Do nada que não há
Hoje acordei de mim e de todos que me habitaram
De todos os que eu senti [ Ou que me menti ] nas superfícies enfumaçadas
E que não passaram de fagulhas sujas [Pobres almas penadas]
Apenas sobrevoaram ou rastejaram até o fundo de mim, mas não mergulharam.
Hoje eu acordei de mim mesma e fiquei estarrecidamente pasma
Sem aquelas mãos entrelaçadas que enlaçam um mundo de possibilidades
Agora falta-me o ar que antes não me faltava. Não há mais que nada.
[Mas eu nunca desejei entrelaçar o mundo mesmo... E isso me acalma.]
E porque é que tem de haver rima e sentido se tudo nos escapa
Nas ‘corriqueirices’ desse cotidiano-lixo de meias palavras?
Em que rumo caminham os ponteiros do relógio-máquina
Horas essas ,que fogem,e que não absorvem nada?
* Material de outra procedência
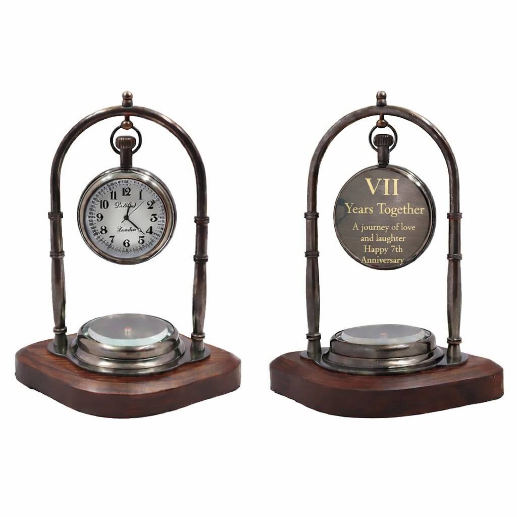 Personalised Bronze 7th Anniversary Desk Clock With Compass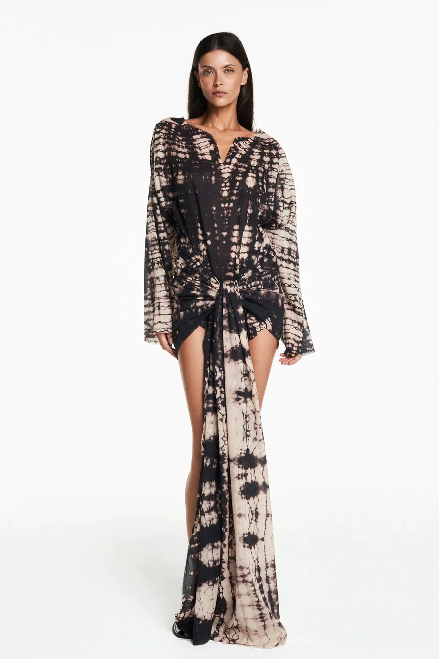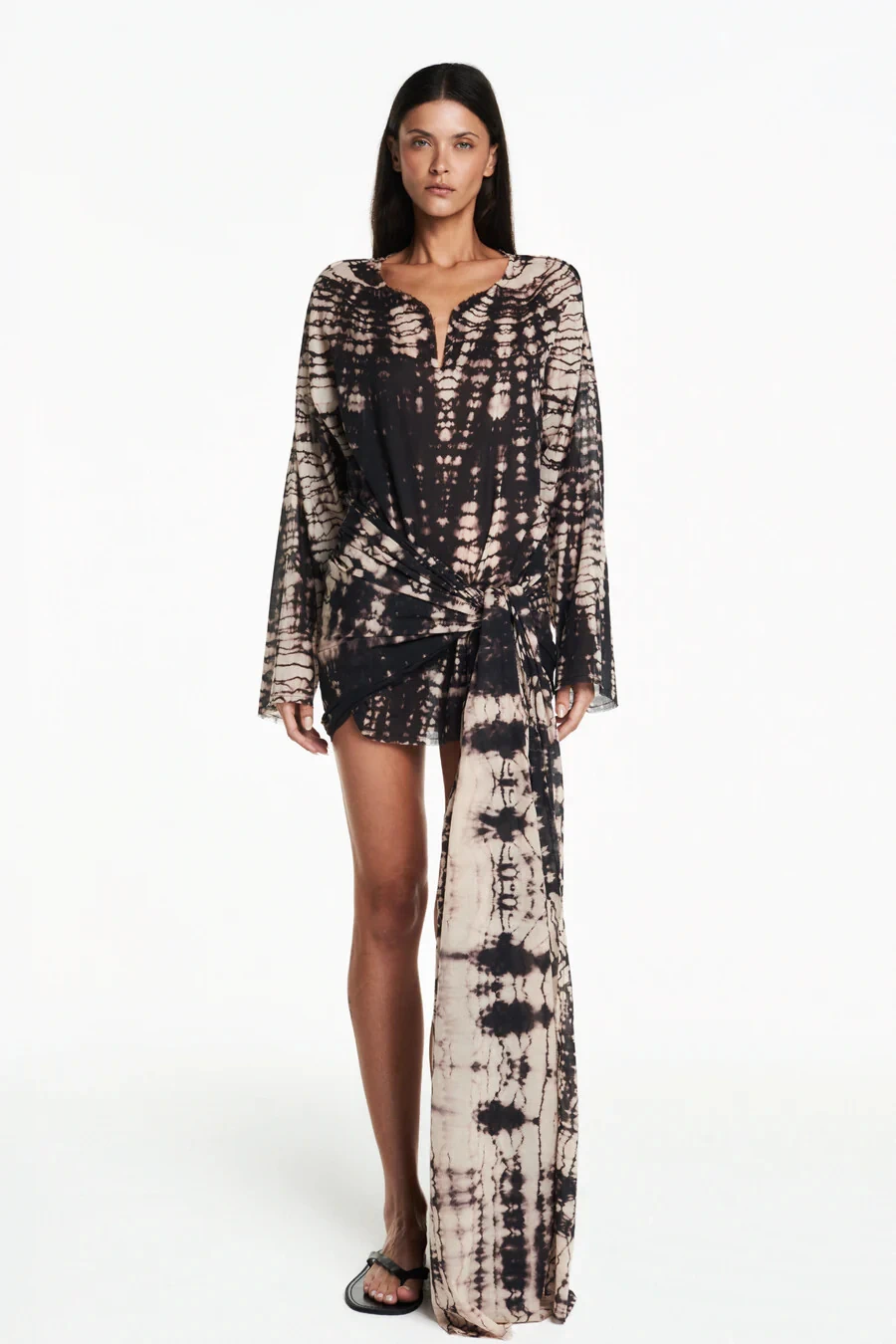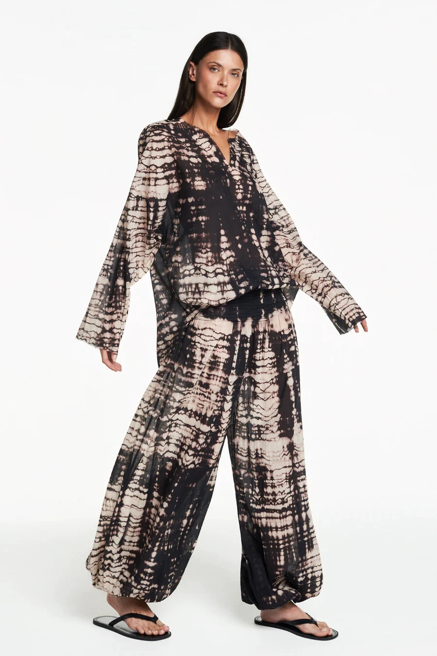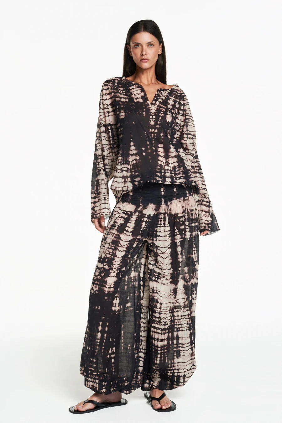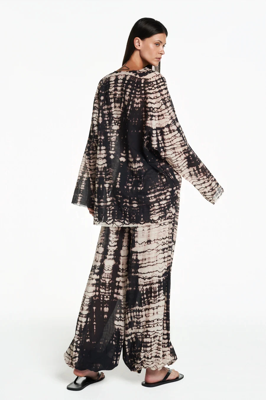 Bata em algodão tie dye com acabamento á fio. Modelagem ampla e mangas compridas bufantes. Não possui fechamento.
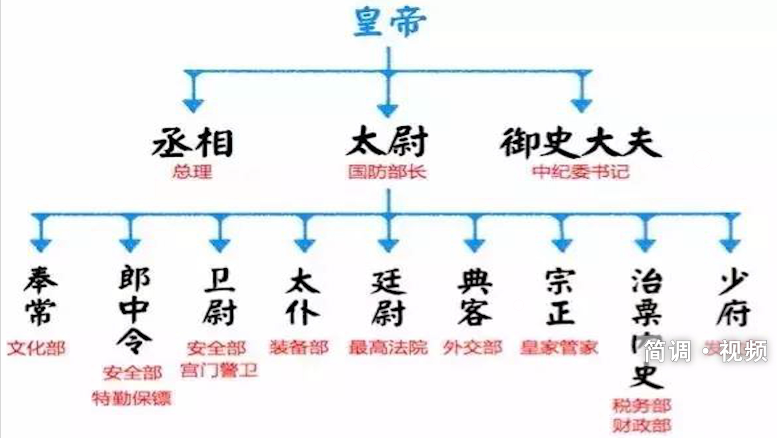 汉代封场改太常,郎中令名兴禄勋,典当人名大鸿胪,治粟内史名大司农。三公九卿的建立始于秦朝。

“Tudo é vago e incompleto”: Isso em mim cala.
Silenciosamente compreendo, com a exatidão mecânica dos ajustados,
A lógica onisciente e abstrata que move o universo e que impõe aceitação.
A irregularidade de alguns dias é apenas uma peça pregada por um deus enganador
E assim seguimos, nessa gangorra mórbida,
Acreditando que somos livres para escolher algo.